When the fruit and nut trees wake up from winter, they first let their dazzling flowering sexual organs hang out for a few weeks of rampaging intermingling before slowly getting dressed in leaves to fuel their pregnancies with sunlight. Nothing wrong with that! Calling in the flying insects to do half the yeoman’s work of dating and mating is a little kinky, but there’s nothing wrong with that, either. Nature is the most creative and hardest-working sexual machine on the planet. Adam & Eve dressed in fig leaves were stone dullards by comparison.
I can tell you that the oak trees here on Gullyvornya’s central coast breathed a sigh of relief after the recent rainstorms. They looked like dead ducks after another “mild winter,” which more resembled a protracted Indian summer, but now they look refreshed for the time being. We’re sadly looking at blue skies for the foreseeable future. It’s getting so you can’t even have polite conversation about the weather with the cash register clerks.

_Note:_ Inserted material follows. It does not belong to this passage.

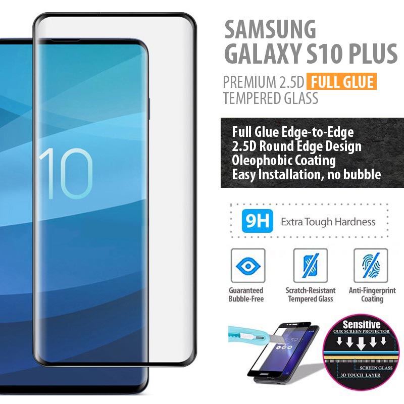 ^ Samsung Galaxy S10 Plus - PREMIUM 3D Curved Full Tempered Glass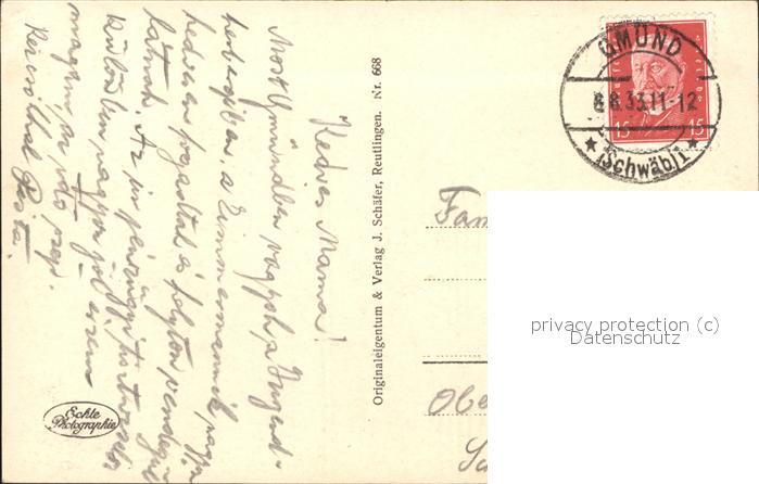 71494416 alte Postkarte Gmuend Schwaebisch mit Rechberg postalisch gelaufen KatCode: 11110008136065

Great weather we’re having! No, not really.
“What digby said” about the drought, but let me add that it ain’t just the water that’s a problem. My understanding is that in autumn the fruit and nut trees synthesize a growth inhibiting hormone that lays them dormant through winter, and cold weather slowly breaks down this growth inhibitor in anticipation of the open-orgy when Spring is sprung. The trees require a certain number of hours of chill-time (say 300-1500 h below 45 degrees F) in order to properly set their fruit, depending on the species.
In general, drought + short chill-times is not a good combo for happy, proliferative sex between our brothers, sisters, and selfers (Geschwister) in the Kingdom of Humanly Edible Green Things, not to mention their kinky little flying match-makers in our own Less-Sessile Kingdom.